* [Data records]:
*** Block opens ***

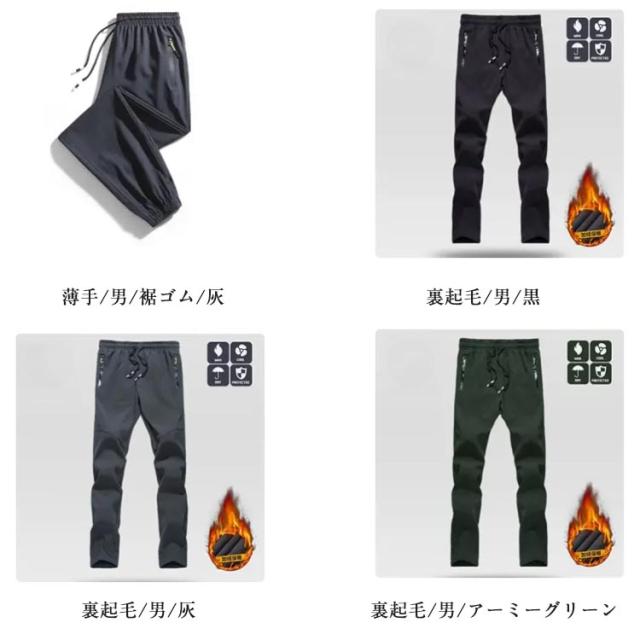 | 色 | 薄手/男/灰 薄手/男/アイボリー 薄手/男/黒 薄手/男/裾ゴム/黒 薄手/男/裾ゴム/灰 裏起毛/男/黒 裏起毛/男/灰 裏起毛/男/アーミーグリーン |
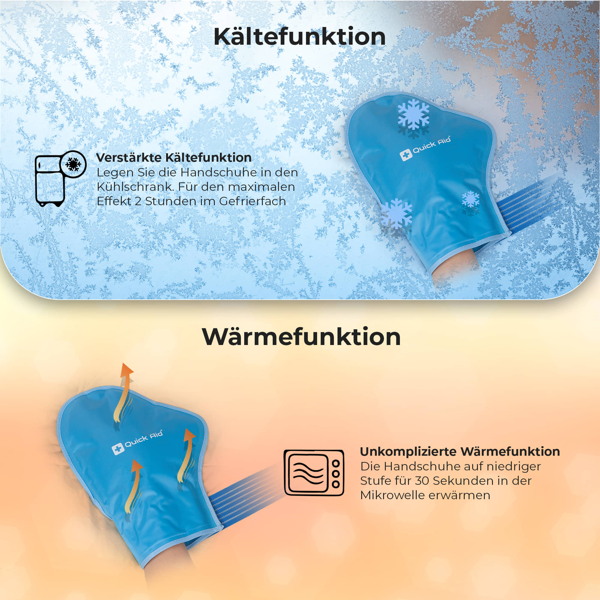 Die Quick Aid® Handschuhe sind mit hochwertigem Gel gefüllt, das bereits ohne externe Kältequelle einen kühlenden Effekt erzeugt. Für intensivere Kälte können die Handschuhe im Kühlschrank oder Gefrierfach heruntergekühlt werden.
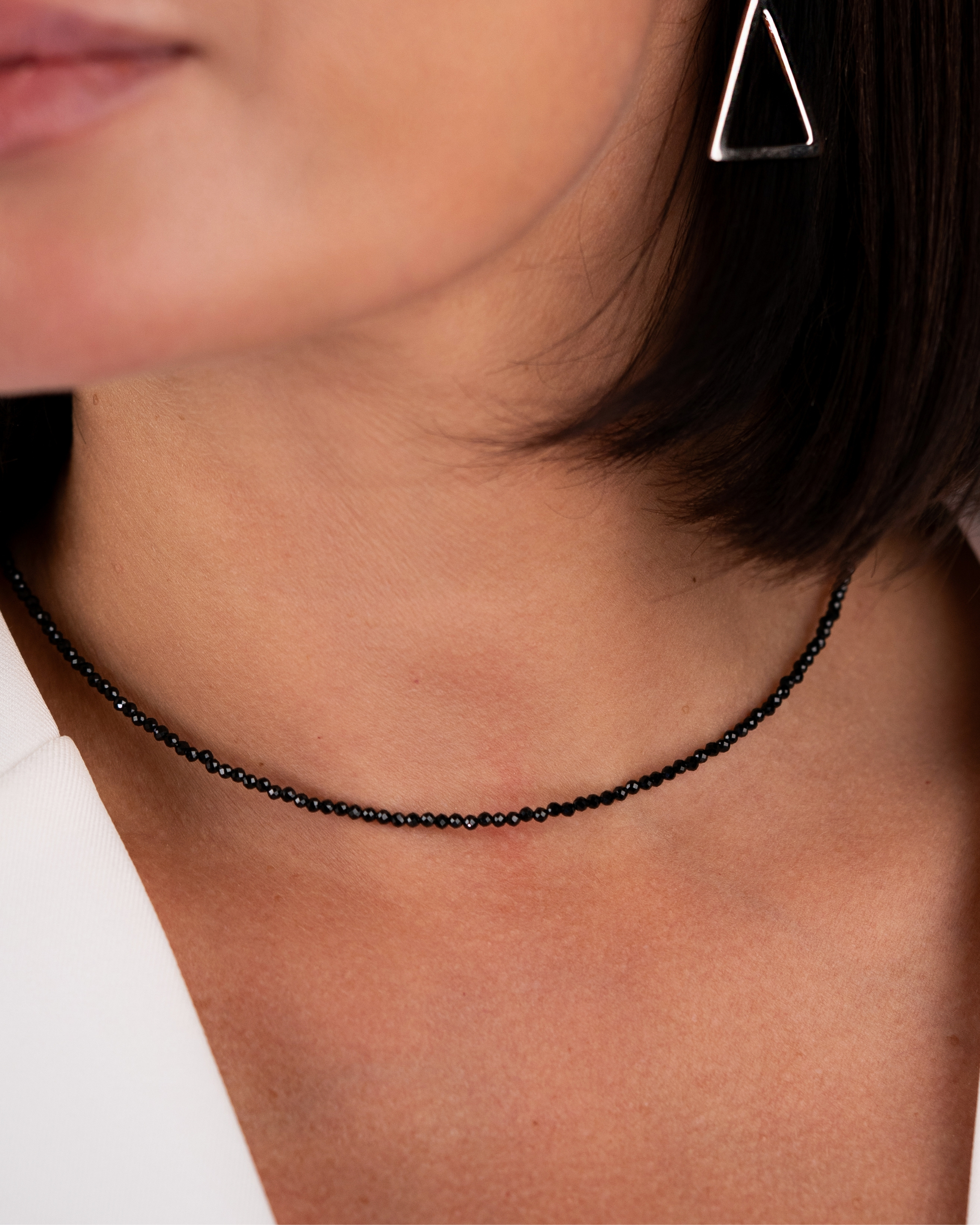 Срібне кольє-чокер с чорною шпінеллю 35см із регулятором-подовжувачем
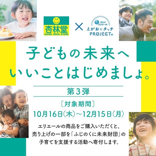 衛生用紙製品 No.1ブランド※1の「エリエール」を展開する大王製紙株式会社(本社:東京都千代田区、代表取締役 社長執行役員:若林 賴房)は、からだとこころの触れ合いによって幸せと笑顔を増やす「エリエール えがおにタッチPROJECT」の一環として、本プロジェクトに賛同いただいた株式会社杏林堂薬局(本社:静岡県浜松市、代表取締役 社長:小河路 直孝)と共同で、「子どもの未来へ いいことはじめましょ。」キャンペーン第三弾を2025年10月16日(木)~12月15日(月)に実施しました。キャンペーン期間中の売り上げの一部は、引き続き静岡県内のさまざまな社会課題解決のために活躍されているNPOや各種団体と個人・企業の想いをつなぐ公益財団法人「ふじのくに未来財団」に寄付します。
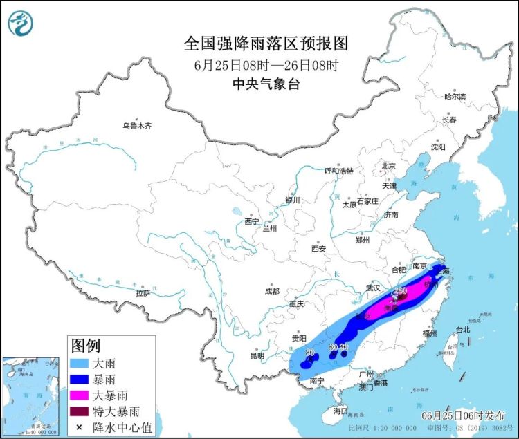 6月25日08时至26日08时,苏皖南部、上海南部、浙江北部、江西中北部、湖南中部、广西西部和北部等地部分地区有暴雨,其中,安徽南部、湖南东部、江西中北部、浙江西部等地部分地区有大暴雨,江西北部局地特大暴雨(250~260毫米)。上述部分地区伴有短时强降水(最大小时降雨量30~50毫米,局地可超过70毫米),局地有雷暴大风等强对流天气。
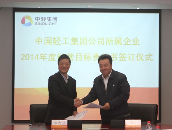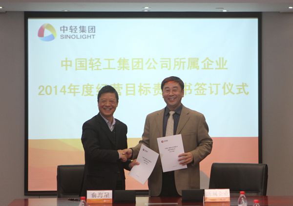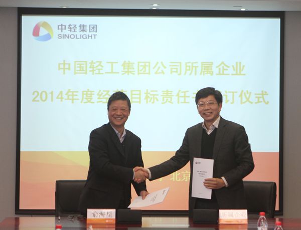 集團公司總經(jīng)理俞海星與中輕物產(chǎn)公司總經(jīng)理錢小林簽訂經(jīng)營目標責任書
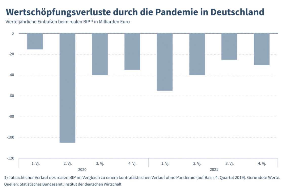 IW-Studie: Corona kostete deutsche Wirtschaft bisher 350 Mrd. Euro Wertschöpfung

*** Block closes ***
*** Block opens ***

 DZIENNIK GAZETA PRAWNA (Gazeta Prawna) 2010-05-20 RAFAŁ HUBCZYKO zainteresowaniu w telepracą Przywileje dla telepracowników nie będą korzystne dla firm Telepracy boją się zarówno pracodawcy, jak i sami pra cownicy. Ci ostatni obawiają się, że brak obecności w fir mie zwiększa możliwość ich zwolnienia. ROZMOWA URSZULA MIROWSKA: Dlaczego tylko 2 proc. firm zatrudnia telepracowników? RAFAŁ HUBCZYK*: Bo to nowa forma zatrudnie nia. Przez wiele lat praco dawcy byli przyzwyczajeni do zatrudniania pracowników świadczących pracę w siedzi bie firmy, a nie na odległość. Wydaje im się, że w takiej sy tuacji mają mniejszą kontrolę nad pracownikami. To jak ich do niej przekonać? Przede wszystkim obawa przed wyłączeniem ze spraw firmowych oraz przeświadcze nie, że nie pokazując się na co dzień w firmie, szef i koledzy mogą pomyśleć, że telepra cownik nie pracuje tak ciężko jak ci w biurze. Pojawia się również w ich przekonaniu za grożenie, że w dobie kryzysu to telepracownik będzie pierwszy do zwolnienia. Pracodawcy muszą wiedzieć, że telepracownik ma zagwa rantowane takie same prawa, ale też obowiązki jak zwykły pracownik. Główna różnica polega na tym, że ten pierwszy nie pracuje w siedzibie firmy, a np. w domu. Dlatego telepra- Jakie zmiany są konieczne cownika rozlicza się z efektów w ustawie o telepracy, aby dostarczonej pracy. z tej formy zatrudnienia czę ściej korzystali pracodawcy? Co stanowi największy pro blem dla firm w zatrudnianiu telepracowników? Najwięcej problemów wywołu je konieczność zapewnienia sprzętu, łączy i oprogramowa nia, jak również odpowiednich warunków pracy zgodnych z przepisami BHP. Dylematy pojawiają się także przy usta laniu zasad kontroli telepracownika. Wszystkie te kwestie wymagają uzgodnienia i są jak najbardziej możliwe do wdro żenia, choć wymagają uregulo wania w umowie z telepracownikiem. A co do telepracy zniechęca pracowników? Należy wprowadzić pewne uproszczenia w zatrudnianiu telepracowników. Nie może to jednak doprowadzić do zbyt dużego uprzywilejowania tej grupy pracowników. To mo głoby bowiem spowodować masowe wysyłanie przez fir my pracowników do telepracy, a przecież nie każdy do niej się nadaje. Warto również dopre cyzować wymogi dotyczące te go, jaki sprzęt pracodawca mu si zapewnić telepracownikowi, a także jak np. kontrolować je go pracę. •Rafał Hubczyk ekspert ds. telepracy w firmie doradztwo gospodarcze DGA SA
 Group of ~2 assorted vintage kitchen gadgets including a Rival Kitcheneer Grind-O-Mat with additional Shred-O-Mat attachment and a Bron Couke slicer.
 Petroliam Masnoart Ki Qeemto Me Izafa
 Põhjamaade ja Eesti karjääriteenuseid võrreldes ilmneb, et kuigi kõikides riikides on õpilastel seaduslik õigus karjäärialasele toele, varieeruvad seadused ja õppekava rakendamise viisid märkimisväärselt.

*** Block closes ***

* [Work required]: In the listing above, find the line with "裏起毛/男/灰 裏起毛/男/アーミーグリーン |" and the line with "IW-Studie: Corona kostete". Transcribe those two and everything between, exactly, leaving out pictures.

* [Your response]:
 | 色 | 薄手/男/灰 薄手/男/アイボリー 薄手/男/黒 薄手/男/裾ゴム/黒 薄手/男/裾ゴム/灰 裏起毛/男/黒 裏起毛/男/灰 裏起毛/男/アーミーグリーン |
 Die Quick Aid® Handschuhe sind mit hochwertigem Gel gefüllt, das bereits ohne externe Kältequelle einen kühlenden Effekt erzeugt. Für intensivere Kälte können die Handschuhe im Kühlschrank oder Gefrierfach heruntergekühlt werden.
 Срібне кольє-чокер с чорною шпінеллю 35см із регулятором-подовжувачем
 衛生用紙製品 No.1ブランド※1の「エリエール」を展開する大王製紙株式会社(本社:東京都千代田区、代表取締役 社長執行役員:若林 賴房)は、からだとこころの触れ合いによって幸せと笑顔を増やす「エリエール えがおにタッチPROJECT」の一環として、本プロジェクトに賛同いただいた株式会社杏林堂薬局(本社:静岡県浜松市、代表取締役 社長:小河路 直孝)と共同で、「子どもの未来へ いいことはじめましょ。」キャンペーン第三弾を2025年10月16日(木)~12月15日(月)に実施しました。キャンペーン期間中の売り上げの一部は、引き続き静岡県内のさまざまな社会課題解決のために活躍されているNPOや各種団体と個人・企業の想いをつなぐ公益財団法人「ふじのくに未来財団」に寄付します。
 6月25日08时至26日08时,苏皖南部、上海南部、浙江北部、江西中北部、湖南中部、广西西部和北部等地部分地区有暴雨,其中,安徽南部、湖南东部、江西中北部、浙江西部等地部分地区有大暴雨,江西北部局地特大暴雨(250~260毫米)。上述部分地区伴有短时强降水(最大小时降雨量30~50毫米,局地可超过70毫米),局地有雷暴大风等强对流天气。
 集團公司總經(jīng)理俞海星與中輕物產(chǎn)公司總經(jīng)理錢小林簽訂經(jīng)營目標責任書
 IW-Studie: Corona kostete deutsche Wirtschaft bisher 350 Mrd. Euro Wertschöpfung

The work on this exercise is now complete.